Many of the Gardens tuck up against urban distress, or the occasionally stinky Doan Brook.

And that’s part of what else I cherish about the gardens: the unexpectedness. So many people tell me, if they even know of the Cleveland Cultural Gardens, that they have driven by and haven’t stopped.

Yeah: it's tough to pull over. They're seemingly disorganized in presentation. You aren’t looking for them so they blur in your taillights. Tossed aside with thoughts of going back one day.

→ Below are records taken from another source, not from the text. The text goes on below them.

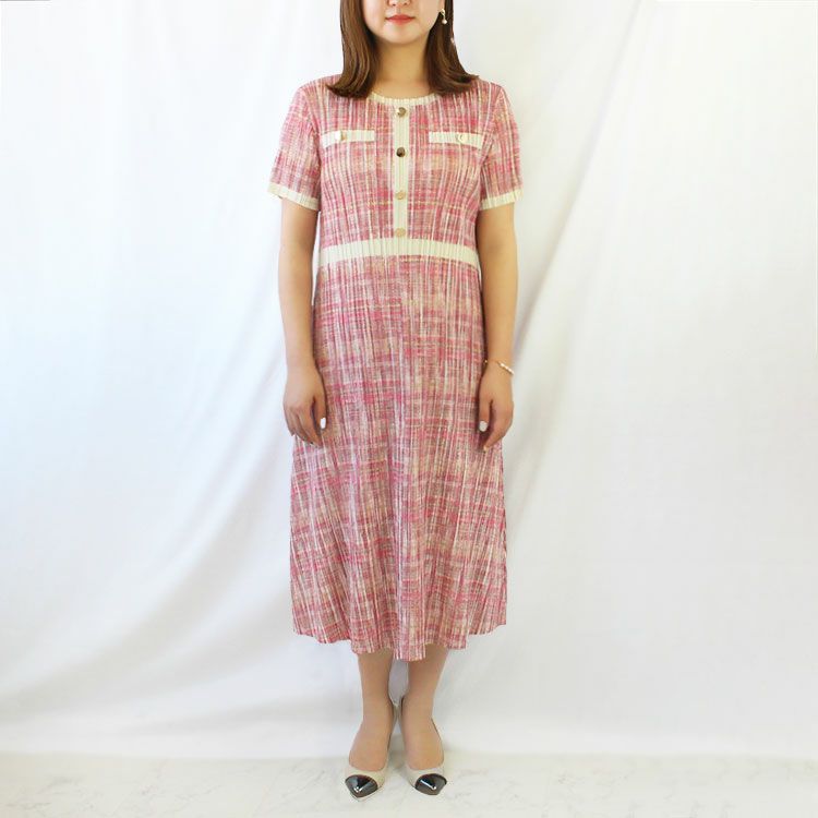 プリーツ素材のロング丈ワンピース。さらりとして伸縮性に富んだ素材で楽な着心地ながら、縦プリーツですっきりとした印象に。金ボタンと切り替えデザインがアクセントになり、これ一枚でおしゃれに仕上がります。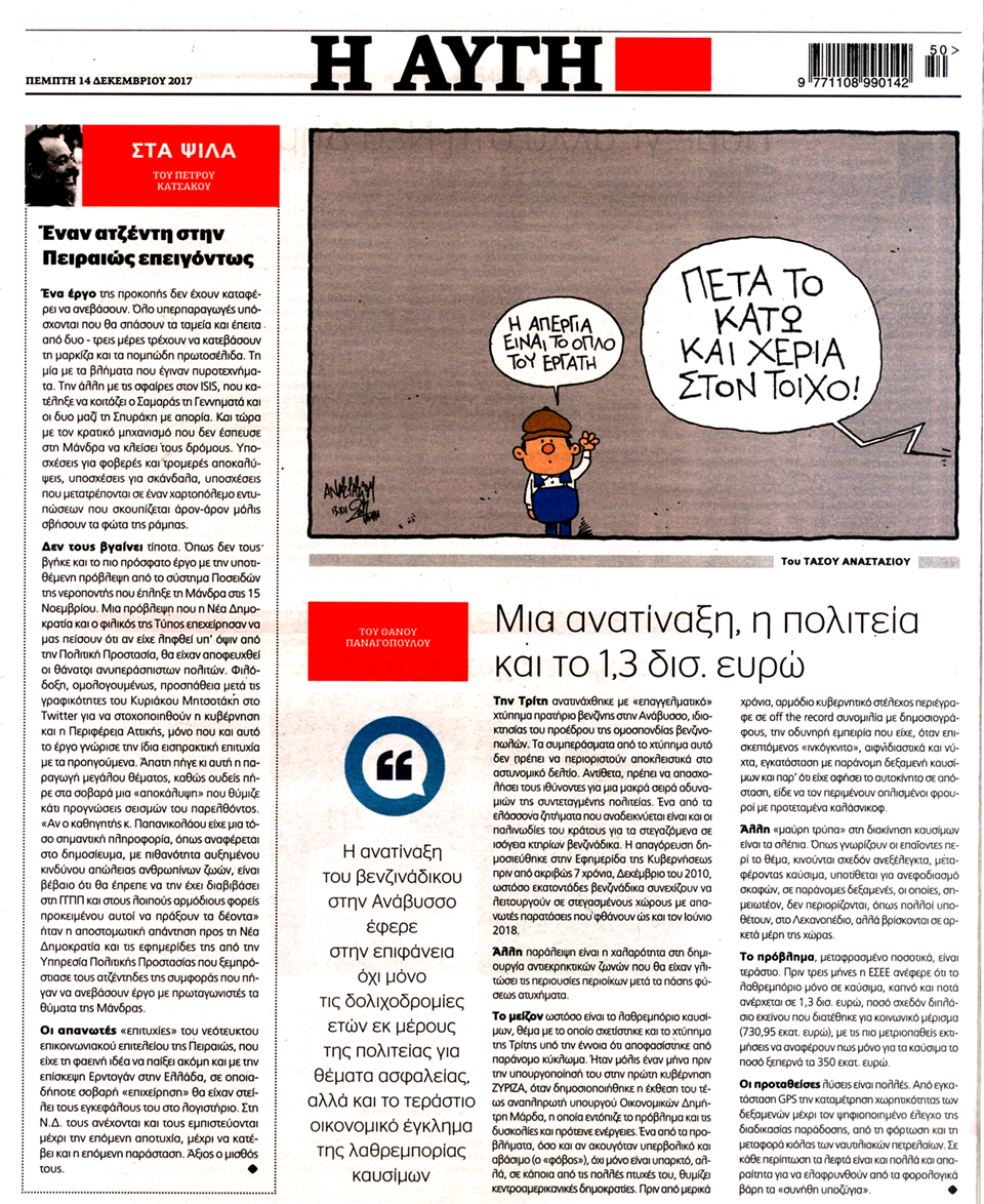 Η ΑΥΓΗ - 14 Δεκεμβρίου 2017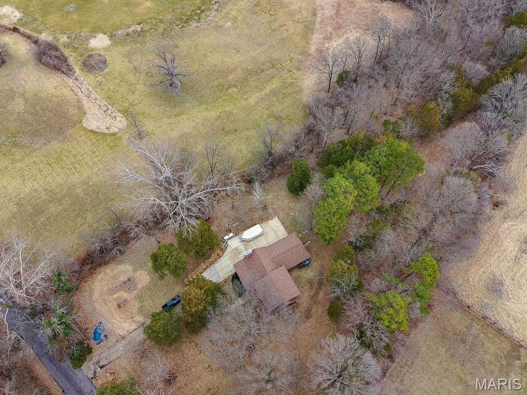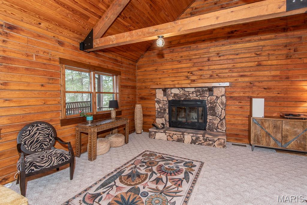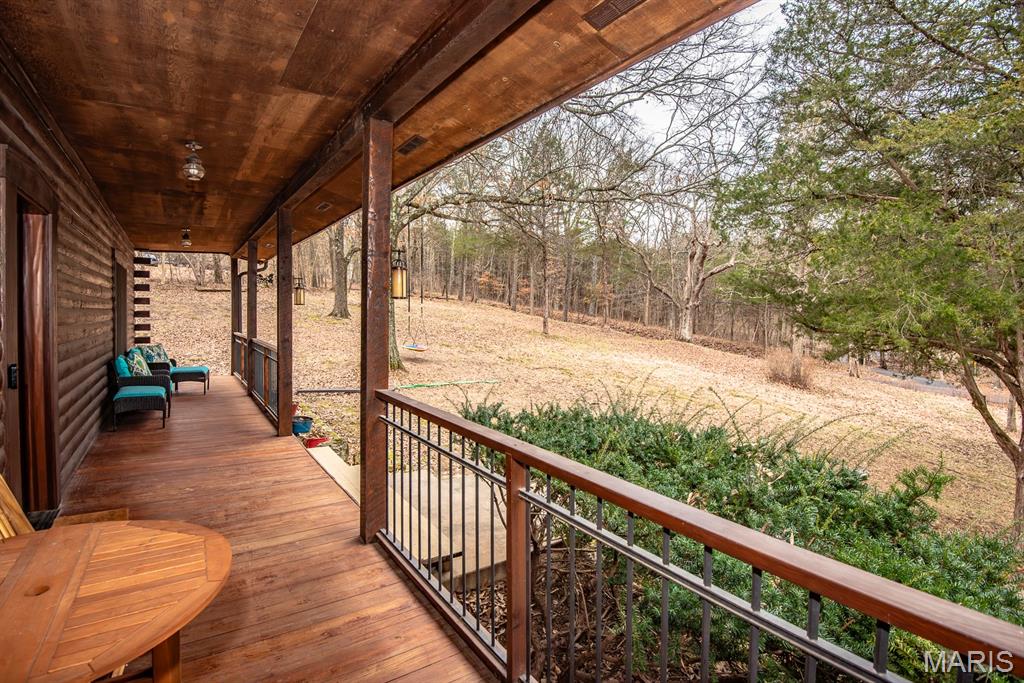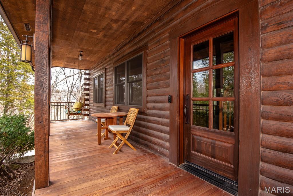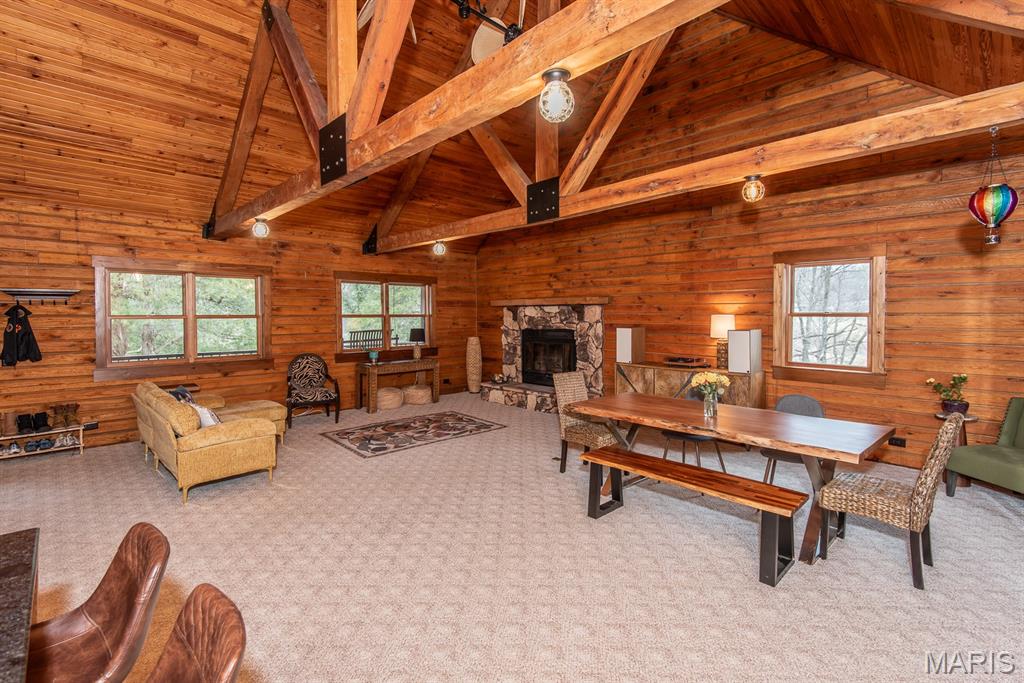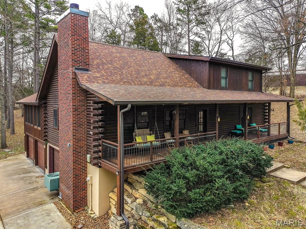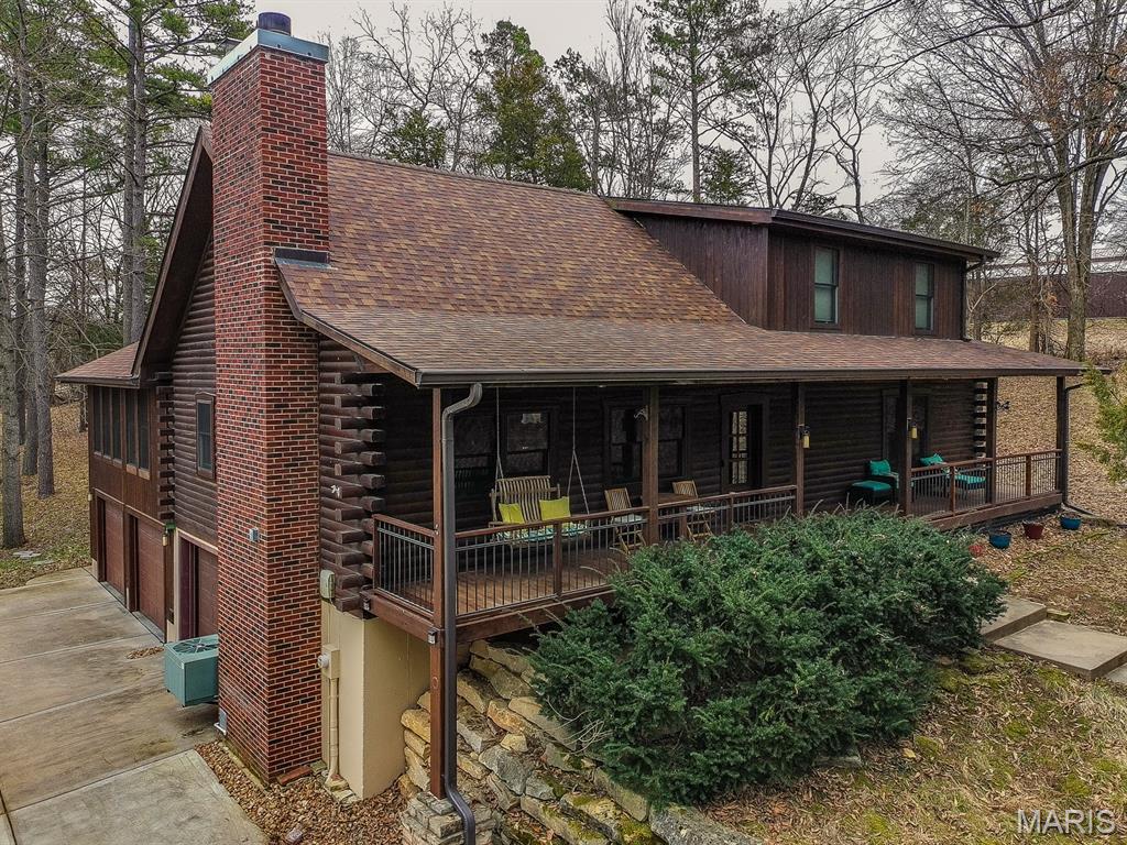 A rare Eureka retreat – 6.24 private acres with a thoughtfully designed custom 4-bedroom, 2.5-bath home that is both functional and visually stunning. Blending natural beauty, privacy, and convenience in a way that is increasingly hard to find, the property is surrounded by mature trees, wet-weather creek, and wooded views that create a true sense of escape while remaining just minutes from shopping, dining, and quick I-44 access. Imagine mornings spent on the porch with coffee in hand as sunlight filters through the trees, or ending the day with a quiet walk along your own private stretch of nature. Inside, the home showcases the craftsmanship and warmth expected in a true log home, featuring soaring vaulted tongue-and-groove ceilings, large windows filled with natural light, and an impressive stone wood-burning fireplace that anchors the main living space. The open living and dining areas create an inviting setting for everyday living or entertaining. The spacious main-level family room offers beautiful wood flooring and wall-to-wall windows with panoramic views. The thoughtful layout includes two bedrooms on the main floor with two additional bedrooms upstairs, ideal for guests, remote work, or hobbies. A partially finished walk-out basement with bathroom and an oversized 3+ car garage offer generous space for cars, outdoor equipment, and perhaps a few recreational vehicles. Lovingly and meticulously cared for, this home presents a rare opportunity for buyers seeking acreage, character, and convenience in one of Eureka’s most desirable settings

But for me I do go back, many days, riding bikes with son Noah, stopping here and there to look at Gandhi or Dante, Madame Curie, some guy named Masryk, stern looking Germans, different shapes and sizes of ideas and desires, fountains either filled or not, less frequently taking in monuments of abstract inspiration. We walk among the weighty feelings of national pride in the age of a borderless web-based world.

When you visit the Gardens it’s tempting to contrast the prominently displayed white-hot language of universal brotherhood with the cold reality of messy world politics. The Gardens try to sing in one voice, but power-mad humans take it way off key.

Irrespective of any cynical rain, these gardens bloom every year, testaments to something about better natures, reminders of alternatives to destruction. To me part of the Garden’s exquisite nature is that it tries to be the kind of world we say we want -- growing closer instead of running scared. 

Dedicated folks shine an occasional bright light on the Gardens, whether by festival or proclamation. Does the bright light last? Not much, it seems, but it will never be extinguished. I know the gardens will remain tight to my heart; I even ended up getting married there.  

I choose to affirm the truth of the Garden’s sights and smells, ears open, eyes forward -- one world. Because the Cleveland Cultural Gardens, to a zealot like me, is a place made of magic and wonder. That’s the deal.